------ Supplied data ------

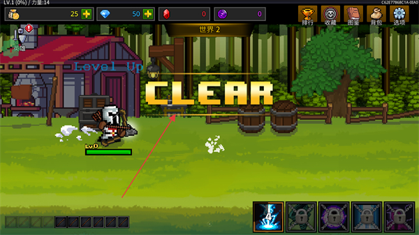 3、擊敗敵人后,場(chǎng)景出現(xiàn)CLEAR提示,完成關(guān)卡,解鎖新場(chǎng)景如世界2。
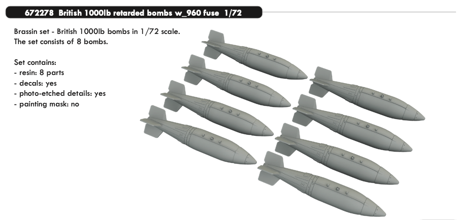 Brassin 1/72 British 1000 lb retarded bombs with 960 fuse
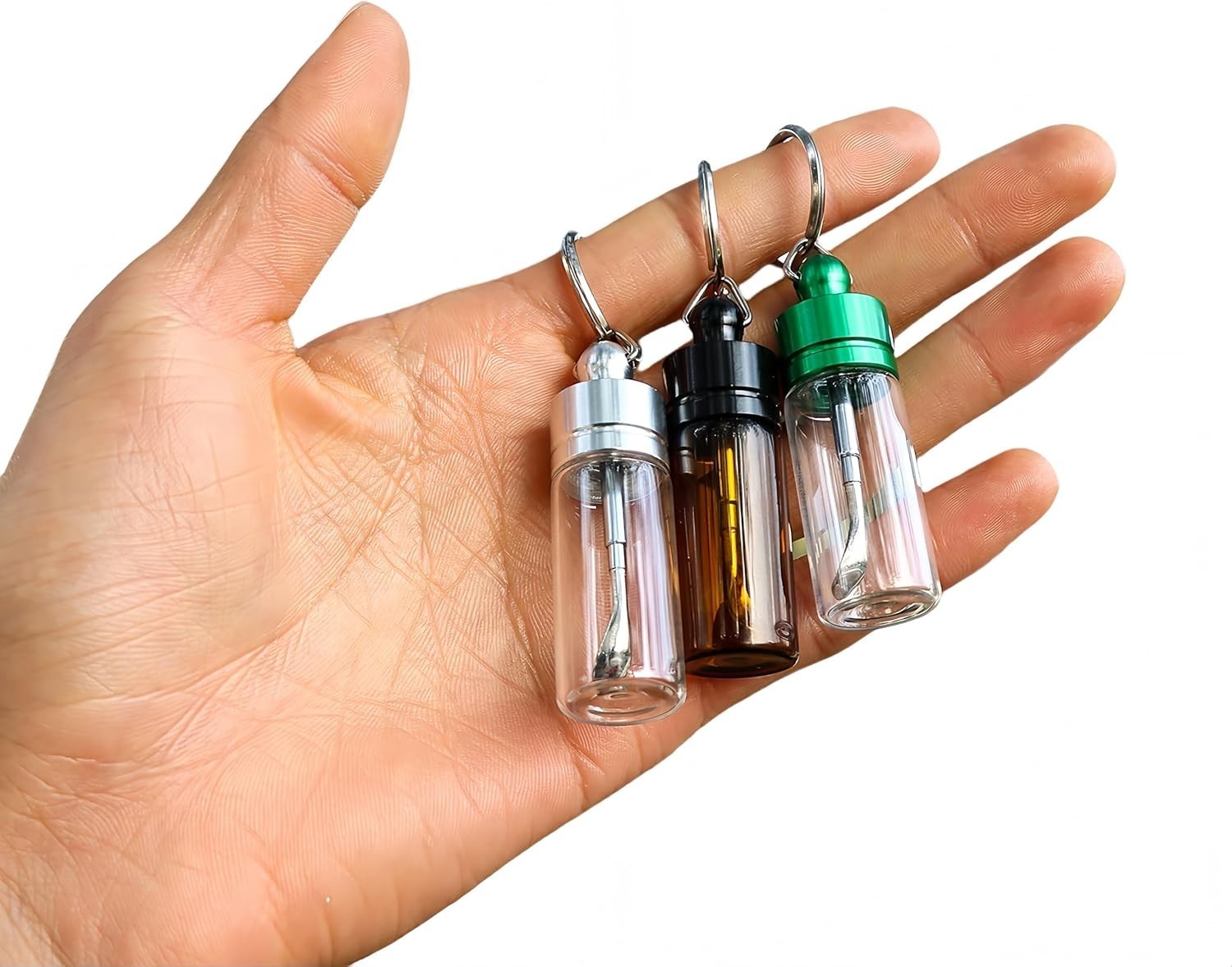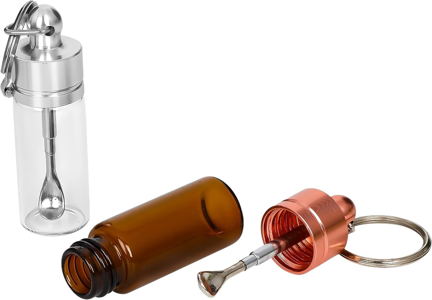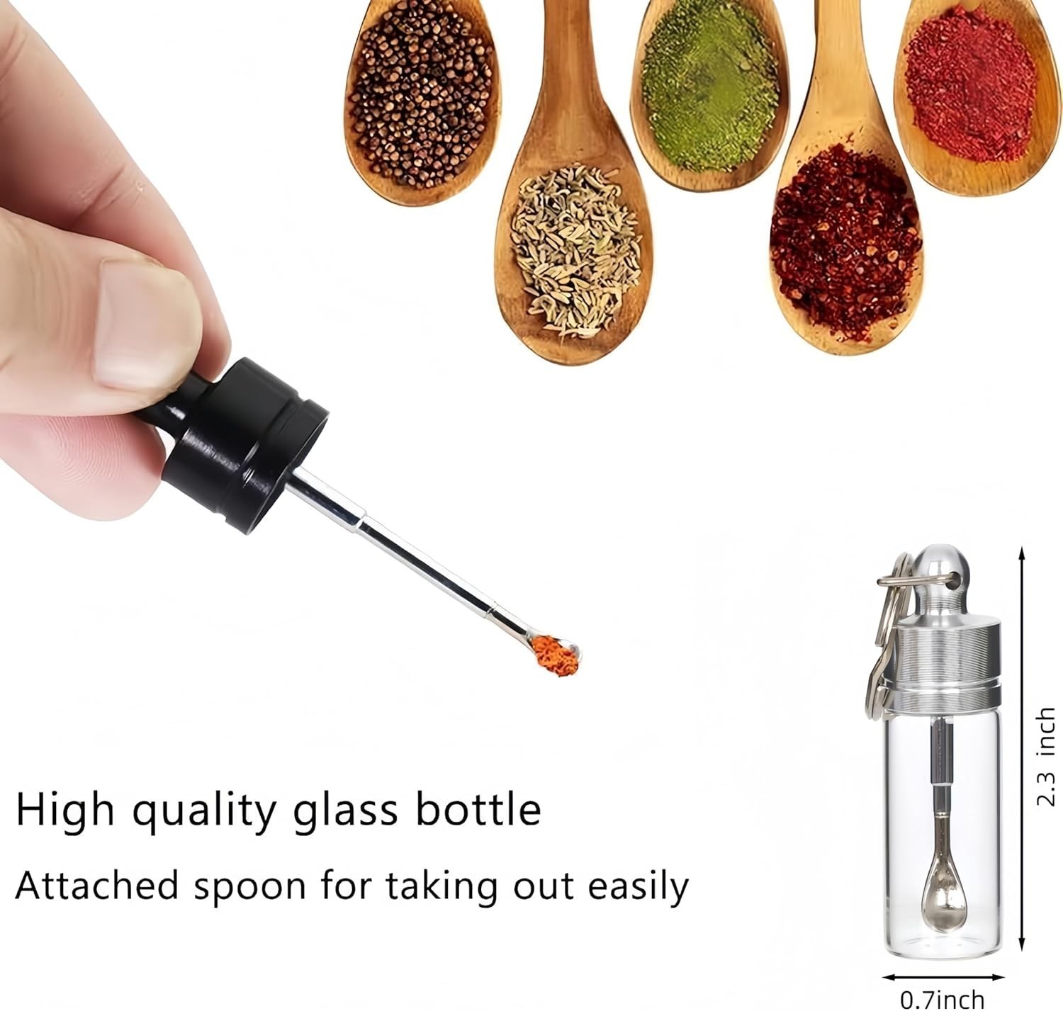 Travel Spice Containers with Spoon - Mini Glass Vial Keychain Case 2pack
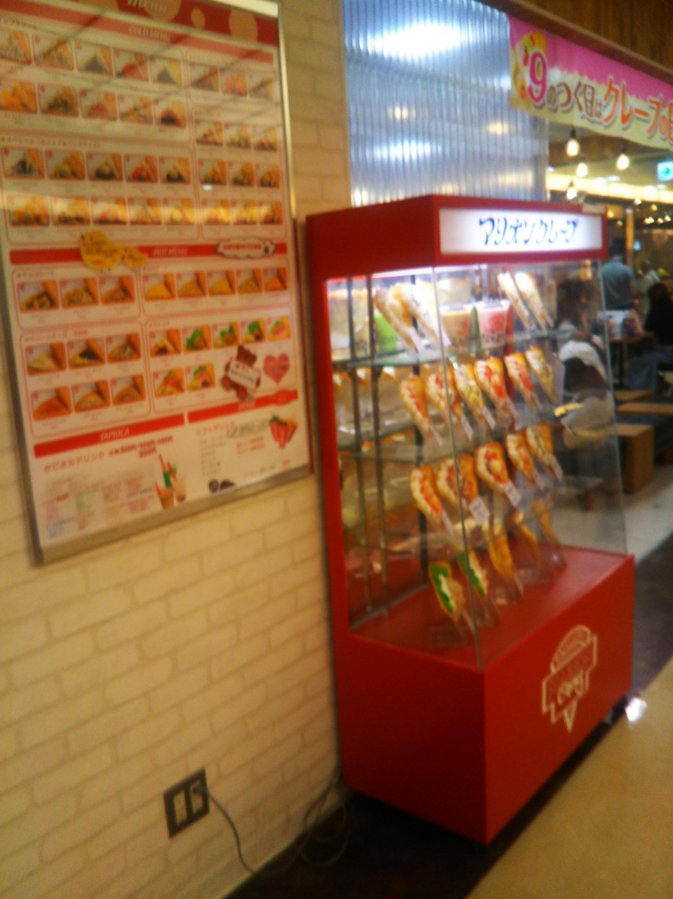 JR浜松駅にあるメイワンという商業施設のレストランエリアにありました。クレープが看板メニューの人気のお店です。もっちりしたクレープ生地にたっぷりの甘い生クリームがおいしかったです。チョコレートやカスタードなどもおすすめです。
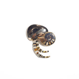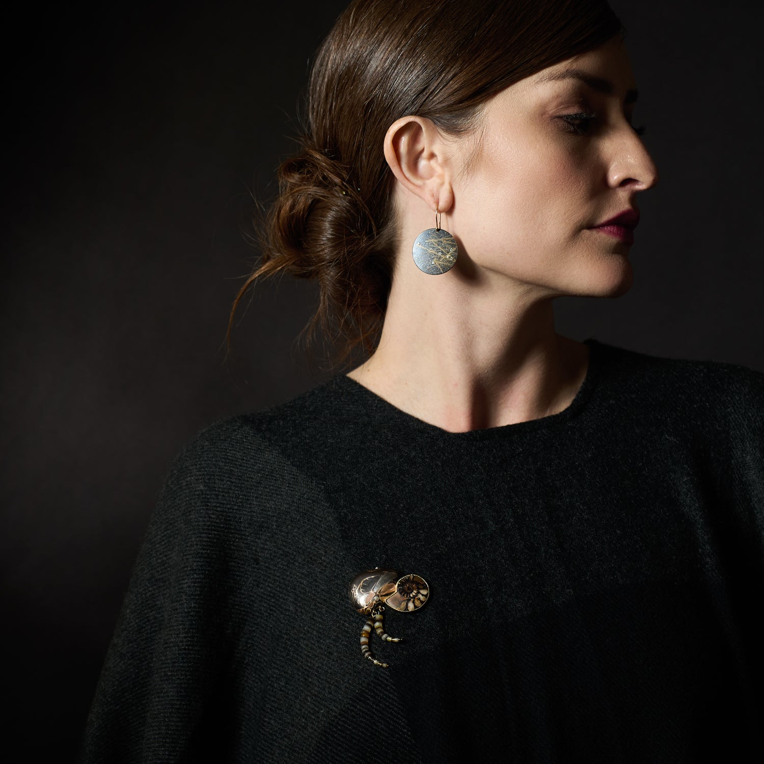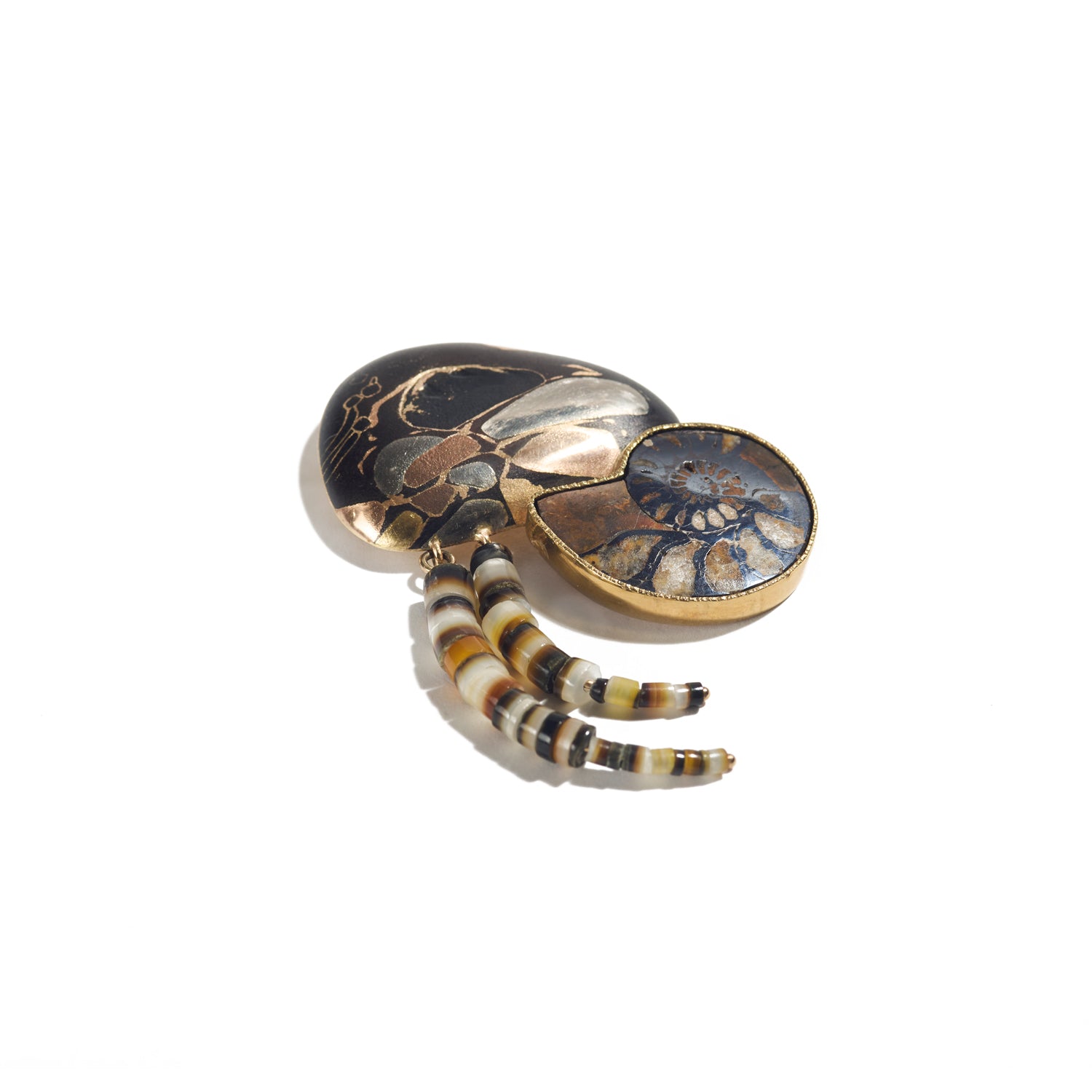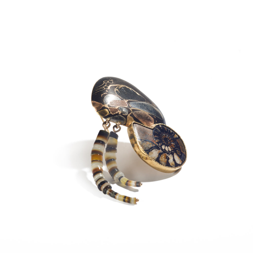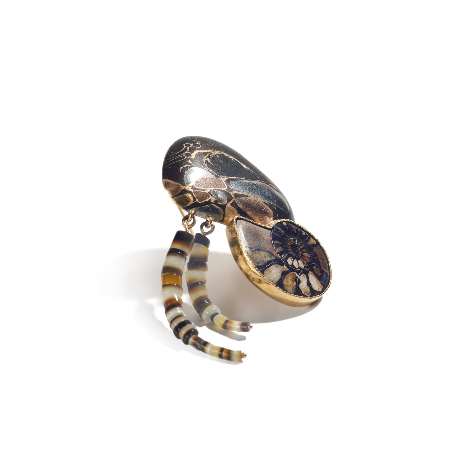 Shape and inspiration guide this brooch as Adell worked with the marriage of metals to mimic the natural beauty of the ammonite, in this one of a kind brooch. Agate beads arc the ammonite and bring this composition to its resting place.
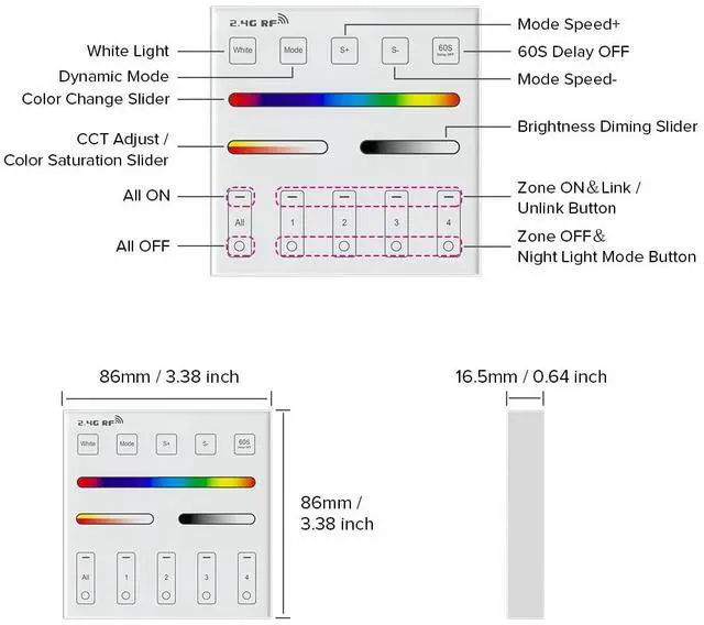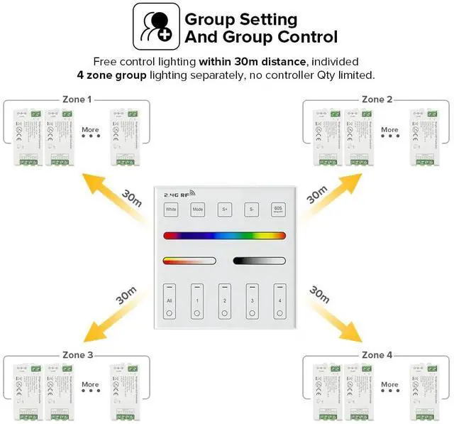 - Product Name: 4 Zone RGB , RGBW and RGBCCT Panel Remote Controller.
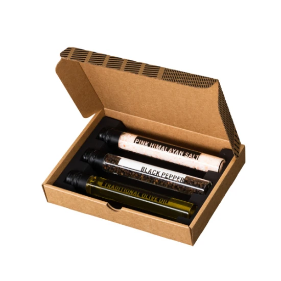 3-Delige kookbox gevuld met 3 glazen tubes Himalayazout, zwarte peper en traditionele olijfolie.
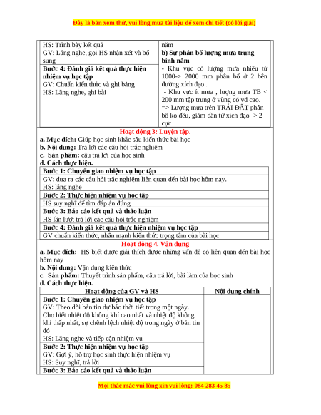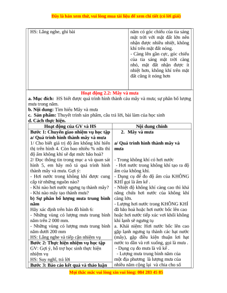 a. Mục đích: HS biết được quá trình hình thành cảu mây và mưa; sự phân bố lượng mưa trong năm.
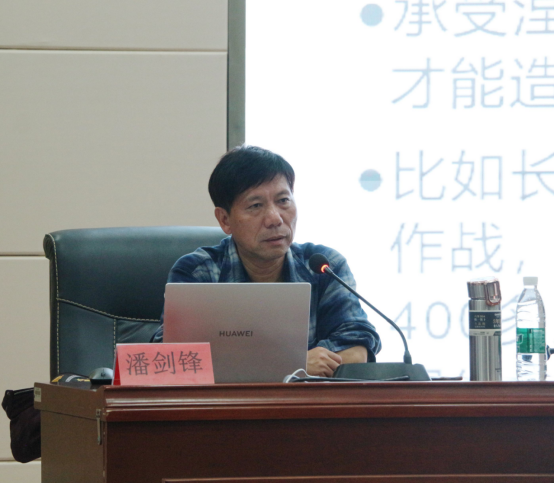 潘剑锋教授围绕青年学子与时代的关系,通过古今典故以及自己丰富的人生阅历,告诉同学们要在大学期间养成良好的习惯,尤其是养成阅读的好习惯,希望同学们接下来的四年里积极参加社会实践活动,要有强健的体魄、健全的心理、宽大的胸怀和气度。
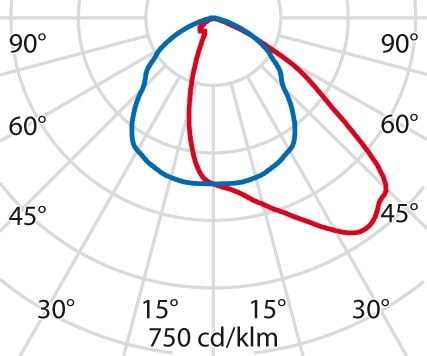 faible éblouissement selon EN 12464-1 (UGR Inf. à 19):
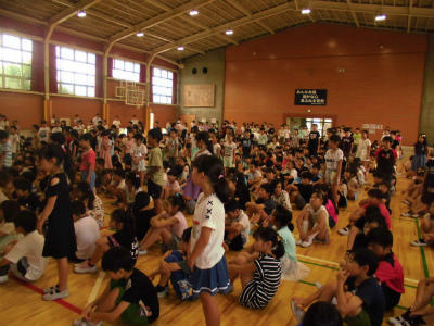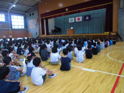 校長講話です。きょうの大切(通知表を家の人とよく読んで、自分の得意と苦手を見つけること)、夏休みの大切(時間の使い方)、2学期の大切(運動会スローガン)についての話でした。

------

> _Exercise prompt_: Please output the lines above beginning at the line with "Brassin 1/72 British" and ending after the line with "JR浜松駅にあるメイワンとい", precisely as written and with no pictures.

> _Task answer_:
 Brassin 1/72 British 1000 lb retarded bombs with 960 fuse
 Travel Spice Containers with Spoon - Mini Glass Vial Keychain Case 2pack
 JR浜松駅にあるメイワンという商業施設のレストランエリアにありました。クレープが看板メニューの人気のお店です。もっちりしたクレープ生地にたっぷりの甘い生クリームがおいしかったです。チョコレートやカスタードなどもおすすめです。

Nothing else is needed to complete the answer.